Benefits of On-site Software
- Keep administrative control in your hands (or your IT department)
- Less concern about security breaches and information leaks
- You determine storage space
- Sometimes better training/set-up assistance
Benefits of SaaS
- Less in-house software maintenance
- Real-time syncing between users
- Increased mobility (access from mobile devices, remote sites, etc.)
- Constant data back-up
- Lower up-front costs
- Immediate access to upgrades
Get input from Professionals
Consult with your accountant-if you already have one-since he will inevitably be one of your biggest resources in rolling out and using the new software (especially during tax season). If you don’t have an accountant yet, try shopping for one who uses the software you’re interested in.

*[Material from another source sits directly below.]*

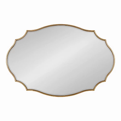 Embrace elegance and sophistication in this beautiful, scalloped edge mirror from Kate and Laurel. Designed with modern glam in mind, the Leanna Mirror takes inspiration from tasteful, elegant Moroccan forms, featuring a beveled edge and a decadent scalloped curvature. The quality gold leaf finish on the frame is applied by hand, giving each Leanna Mirror its own one-of-a-kind, glamorous look. Adding a mirror to your home spreads light through your smaller living spaces, creating a dynamic, vibrant area with plenty of dimension. This particular Leanna Mirror is 24 inches wide by 36 inches high, making it a beautiful decorative statement or even a bathroom vanity mirror. You can hang the Leanna Wall Mirror in seconds with our easy-to-use D-ring hangers attached to the back. The D-ring hangers also allow you to hang the Leanna Mirror both vertically and horizontally, depending on your preference and wall space. Create a beautiful wall display with multiple Leanna Wall Mirrors, showing off your personal style and chic, glamorous aesthetic.

You can also consult with other businesses about what software they use, as well as the successes and failures they’ve experienced. This can be especially valuable for companies in niche industries. It’s not difficult to find web reviews for off-the-shelf products like Quicken, Peachtree, and MYOB, but companies in need of industry-specific features may have a tougher time finding advice online.
Finally, many businesses find it helpful to use an unbiased consulting service to narrow down the choices and get in touch with a vendor. Many of these services have already conducted research on different software brands and will offer you their services for free, which can save you headaches in the short and long term.
As with any business purchase, the process will look a little different for every organization. Maybe you’re even consulting this guide as someone questioning the effectiveness of a product you’ve already bought. In that case, use the steps above to reevaluate your decision. If you’ve signed up for a SaaS solution, it shouldn’t be too difficult to cancel your subscription. If you purchased a one-time license for on-site software, start building your knowledge now and create a timetable for when your business may be ready to change providers.
Buying the right financial software essentially comes down to understanding your needs, educating yourself about the options, and making a well-informed decision based on your industry and resources.